In an op-ed published in Saturday's New York Times, the editorial board wrote:
The latest jobs report showed that unemployment fell to 5.5 percent in February and that 295,000 jobs were added to the economy. But the labor market is not as healthy as those figures might suggest ...
Another sign of weakness is stagnant wage growth. In a stronger job market, competition for labor would push up wages as it pulled down unemployment. But wages have barely budged throughout the nearly six-year-old recovery ...
The Fed should hold off until wages are growing in tandem with inflation and productivity. In the meantime, it should use its regulatory tools to ensure that low-interest-rate credit is put to productive uses and not speculative bubbles. Of course, Congress should do its part for job creation and economic growth - say, by financing infrastructure projects. Its inability to act is yet another reason the Fed has to get its response right.
It's quite a statement coming from one of the most circulated newspapers in the US.
On Friday, the jobs report beat expectations, as the economy added 295,000 jobs and the unemployment rate fell to 5.5%. Following the report, some economists declared that the economy had reached the upper edge of what the Fed would consider "full employment."

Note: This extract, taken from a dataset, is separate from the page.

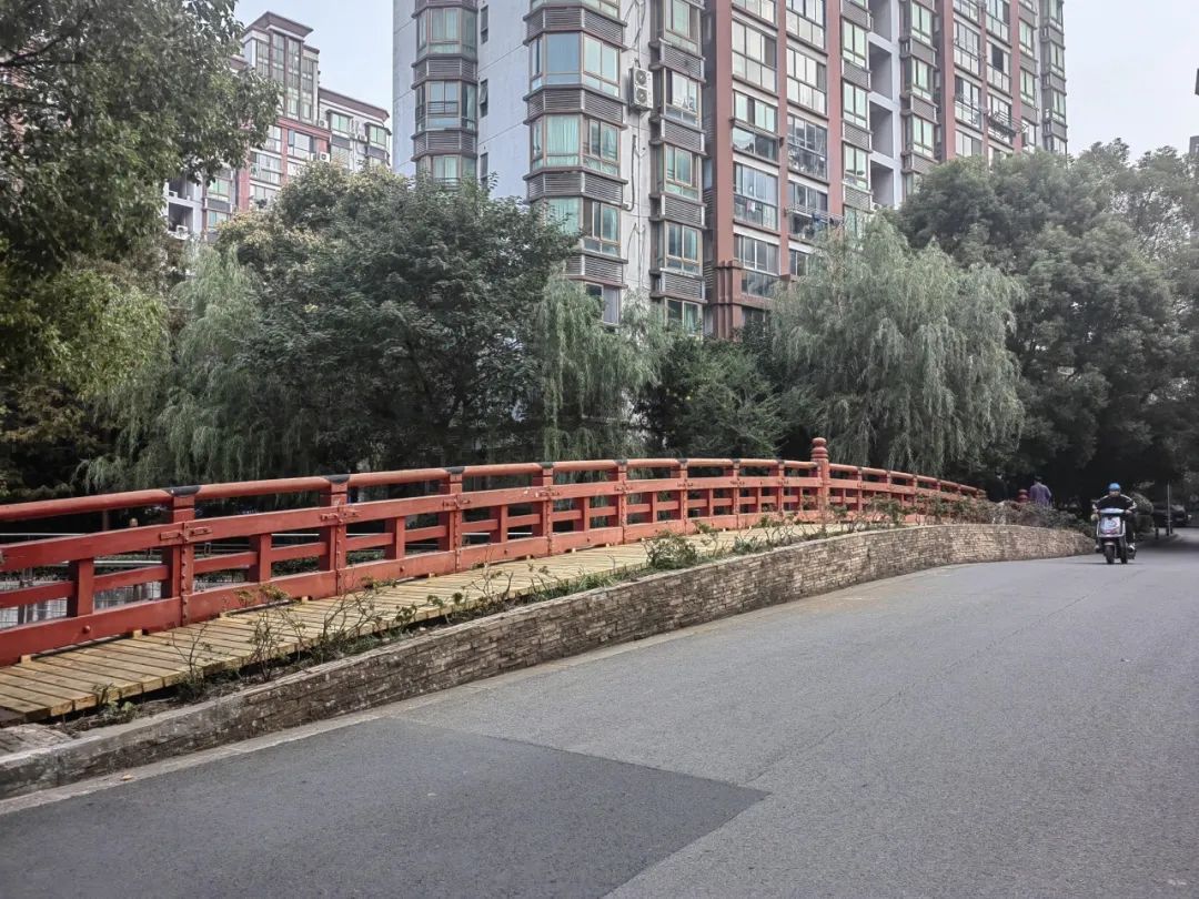 城市绿洲第二居民区所辖的学府涵青小区有一条涵青河,因此小区内建有人行桥、公路桥、旱桥、闸桥等桥梁,成为一大景观特色。建成多年,桥体的钢架结构及木地板出现了不同程度的翘裂锈蚀和腐烂等问题,不仅影响桥梁的品质和美观度,也存在安全隐患。

Notably, the New York Times' Paul Krugman wrote on Friday that we ought not get too excited about a 5.5% unemployment rate, though this is, again, the upper edge of what the Fed considered NAIRU, or an unemployment rate at which inflation starts accelerating.
Krugman wrote on Friday that the Fed should wait until it sees more a meaningful acceleration in inflation to raise rates, using the example of the patience then-Fed chairman Alan Greenspan had in the 1990s. Back then, the NAIRU was believed to be around 6%, but the Greenspan Fed waited, not raising interest rates until inflation really showed up, a move that helped lead to a broad labor market expansion that saw the unemployment rate eventually dip below 4%.
Following Friday's report, stocks and bonds both sold off as the market began to more seriously price in the possibility of the Fed raising interest rates at its meeting in June.
We'll next hear from the Fed on March 18, when the FOMC announces its latest monetary policy decision and Fed chair Janet Yellen fields questions in a press conference following that announcement.